American Journal of Analytical Chemistry
 Vol.5 No.2(2014), Article ID:42544,6 pages DOI:10.4236/ajac.2014.52015

Polyvinylbenzyl Tris-Aminodicarboxylate Microspheres for the Optical Sensing of Cu2+ Ions

Ziad M. Shakhsher1, Ibrahim Abu Shqair2, Hanin R. Qasim2, Imad Odeh1*

1Department of Chemistry and Chemical Technology, Al-Quds University, Jerusalem, Palestine

2Department of Chemistry, An-Najah National University, Nablus, Palestine

Email: *odehim@science.alquds.edu

Received November 30, 2013; revised December 29, 2013; accepted January 8, 2014

ABSTRACT

In this work, a tris(2-aminoethyl)aminodicaboxylate functionality was substituted for the chloride of polyvinylbenzyl chloride (PVBC) which was lightly cross-linked (2%) with divinyl benzene. The resulting derivatized polymer microspheres were embedded in a hydrogel matrix of poly vinyl alcohol cross-linked with glutaraldehyde to produce a sensing membrane. The latter responded selectively to Cu2+ solutions of different concentration ranges (1 × 10−4 M to 1 × 10−6 M). The response is based on the interaction between the metal cations and the negatively charged deprotonated dicarboxylate functional group, which led to neutralization of the charges. As a result, an increase in the turbidity of the sensing membrane occurred which is attributed to a change in the refractive index of the derivatized polymer microspheres relative to that of the hydrogel. The change in the turbidity of the sensing membrane was measured as absorbance using a conventional spectrophotometer. It was found that Cu2+ ions bind to the aminodicarboxylated-polymer with a formation constant, Kf, of 1 × 105 M−1. SEM, Eds and IR analyses were performed on the aminodicarboxylated microspheres and their Cu2+ complex.

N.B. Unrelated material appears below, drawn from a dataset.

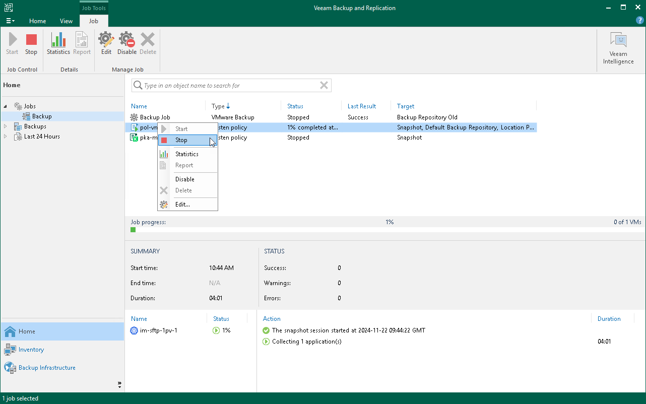 Veeam Kasten for Kubernetes allows you to start a Kasten policy manually from the Veeam Backup & Replication console. It can be helpful if you want to create an additional snapshot or export without modifying the configured backup policy schedule. Additionally, you can stop a Kasten backup policy if the processing of applications is about to take too long and you do not want the policy to produce a heavy load on the production environment during business hours.
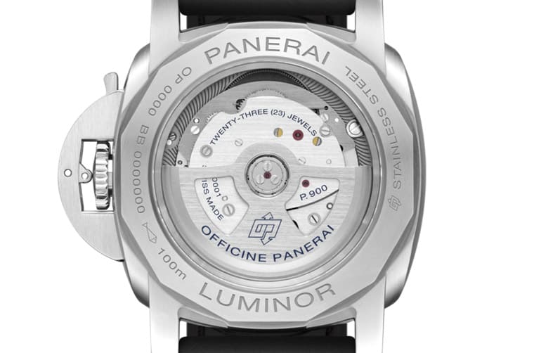 ▲此次沛纳海推出的五款Luna Rossa特别版中,PAM01404是唯一配置透明底盖的作品。

Keywords:Tris(2-aminoethyl)aminodicarboxylate-Polymer; Optical Sensing; Refractive Index; SEM; Eds

1. Introduction

Heavy metal ions such as Mercury, Cadmium, Lead, Nickel and Copper discharged into water by natural and anthropogenic sources are causing environmental and biological problems and have become a global concern [1-3]. Although a variety of methods are available for their removal, fast and effective means for their detection are still needed [4-17]. In a recent study, selective determination of copper ions in aqueous solutions utilizing aminodicarboxylic acid for the chelation of copper (II) ions was reported. Lin et al. modified the surface of an evanescent wave element by depositing a thin layer of the ligand producing a sensitive and selective infra-red chemical sensor capable of detecting micro molar concentrations of Cu2+ ions within a time frame of 20 minutes [4]. We believe that using an optical chemical sensor would improve significantly the detection limit and produce a faster response time. A variety of analytes were detected using optical sensing elements developed by our group [11-14]. Such a sensor is based on polymer swellings that result from complexation of a specific analyte with a specific functional group located on the polymer microspheres. The latter form a sensing element upon entrapping them in polyvinyl alcohol cross-linked with glutaraldehyde. The resulting sensing element demonstrated excellent resistance to photodegradation and indicator dye leaching as well as to mechanical degradation. In addition, these sensors were effective at very low concentration (down to 1 µM) and responded within a very short time (95% response in 5 minutes) and were insensitive to pH changes [11,14].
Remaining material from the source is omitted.